VINDICATING THE SEPARATION OF POWERS:

Dobbs v Jackson: the rediscovery of judicial humility: The majority of the current US Supreme Court exercises restraint in the interpretation of their nation's Constitution (Michael Quinlan, Jul 4, 2022, Mercator Net)

Before discussing the decision in Dobbs, it is useful to start with first principles and consider the proper role of a Court called upon to interpret a nation's constitution.

A Court exercising this power is engaged is a very serious exercise. The constitution of a country sets out the basic law and principles of the nation and how power will be separated between executive, parliamentary and judicial branches. Where the country is a federation, the constitution will also say how power will be divided between Federal and State governments. Those engaged in the drafting have engaged in a debate and ultimately determined what to include and what to exclude from the constitution which has then been ratified.

Typically, a constitution can be considered to be a "super statute" because it is superior to other laws and invalidates conflicting laws. It is stable, because it is more difficult to alter than other legislation, and it is justiciable, which means that a court can be asked to rule on constitutionality of legislation.

Constitutions derive their power from the people, and they enjoy this superior status because their creation is not akin to that of ordinary legislation.
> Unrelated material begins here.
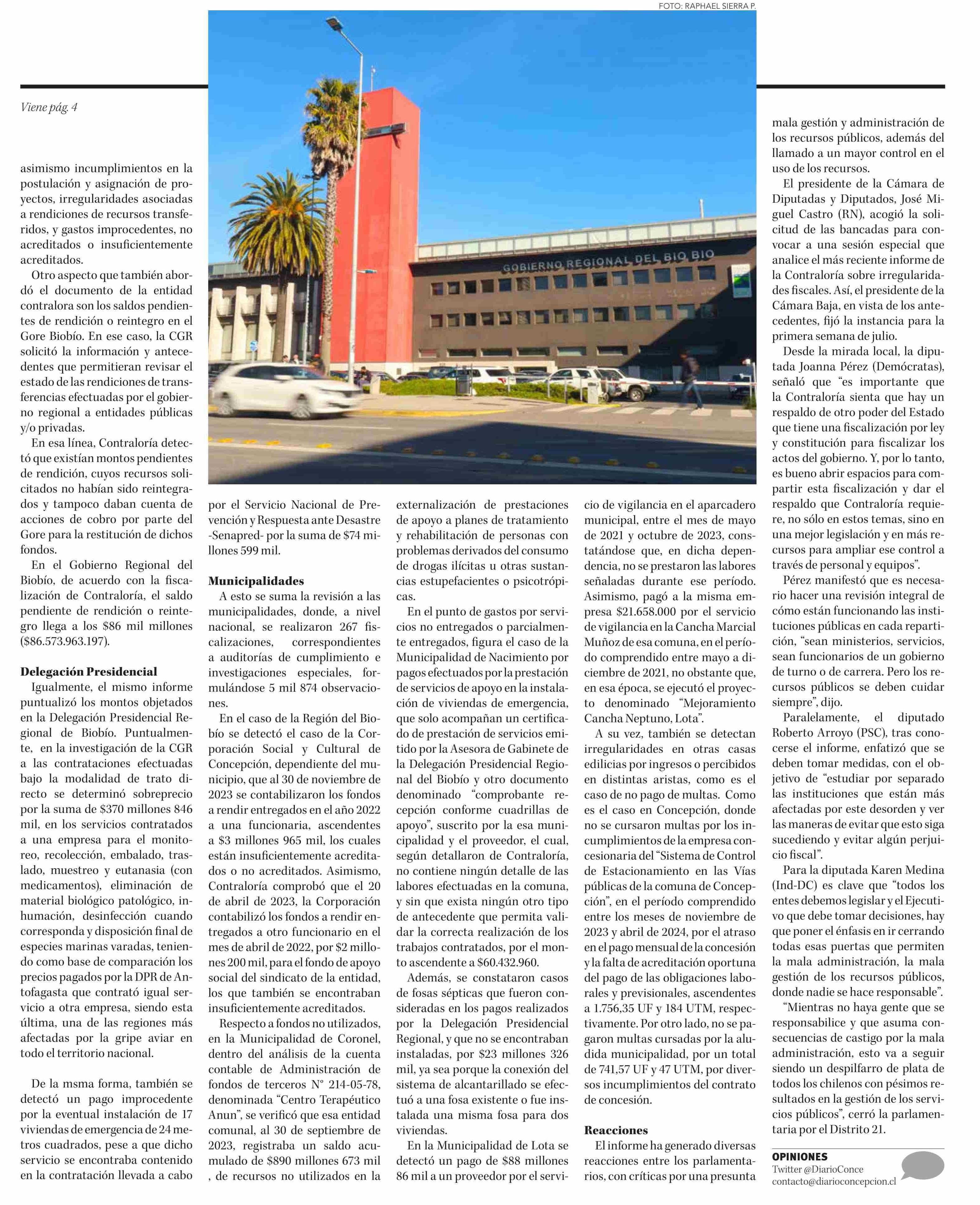| Título: | Irregularidades detectadas por Contraloría: organismos en Biobío registran más de $94 mil millones |

The US Constitution, for example, was the result of discussion, debate and vote by delegates selected by the then States. On September 17, 1787, 39 of the 55 delegates signed the document which would become the Constitution after the process for its ratification had concluded. This process involved popular debate in the States and required ratification by at least 13 of the State legislatures then forming the union. The Constitution was ratified by Delaware on December 7, 1787 and by all of the then extant States by May 29, 1790.
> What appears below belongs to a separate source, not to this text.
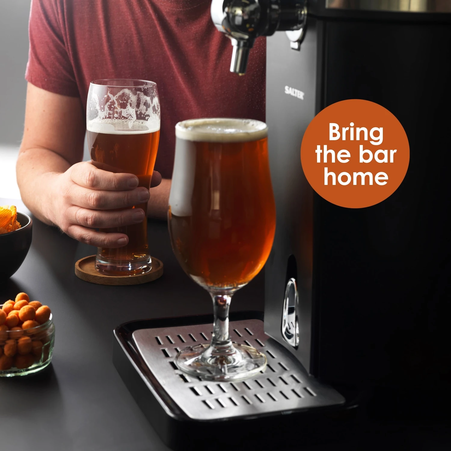 Box contents: 1 x Salter Professional Chilled Draught Beer Dispenser, 1 x CO2 Attachment, 3 x CO2 Cartridges, 1 x Removable Drip Tray

The US Constitution itself sets out the method for its amendment. This requires that an amendment be proposed by a two-thirds vote of both Houses of Congress. An amendment can also be proposed via a convention called for by two-thirds of the States. Three-fourths of the State legislatures, or three-fourths of conventions called in each State must then ratify the change. Since the original ratification of the Constitution it has been amended 27 times.

The Constitution and the amendments which have been made to it ultimately derive their power from the people. Whilst the power to resolve disputes about the Constitution ultimately resides in SCOTUS, the judges of that Court are not elected by the people, come from few places, have less diverse backgrounds, education and experiences, and are far fewer in number than the representatives of the people elected to the State or Federal parliaments.
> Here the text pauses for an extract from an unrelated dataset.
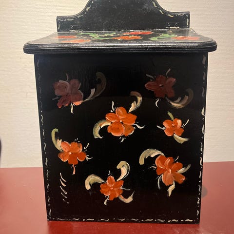 Håndmalt veggdekor i tre med tradisjonell rosemaling. Består av en vegghengt beholder og to runde fat/tallerkener med matchende motiv. Dekoren har florale mønstre i flere farger på naturfarget og mørk bakgrunn. Egnet som veggpynt i hytte, stue eller andre rom med tradisjonelt eller rustikt preg.

It must be tempting for judges in superior courts -- particularly when faced with parliaments unwilling or unable to address social issues -- to use their power to insert rights into constitutions, and particularly where they are clear that doing so will be in the public interest. This appears to be what happened in Roe v Wade in which,the Court found a right to abortion existed in the Constitution.

Yet it is impossible to conclude that anyone involved in the drafting or ratification of the Constitution or amendments to it could have considered that they were creating any such right. In identifying such a right, the Court was involved in an exercise of judicial legislation as the minority judges -- and others -- pointed out at the time.

In Dobbs, SCOTUS found that the 1973 decision in Roe v Wade was "egregiously wrong". This is because it found that the right that the Court there found was not expressly set out in the Constitution and had no grounding in its provisions.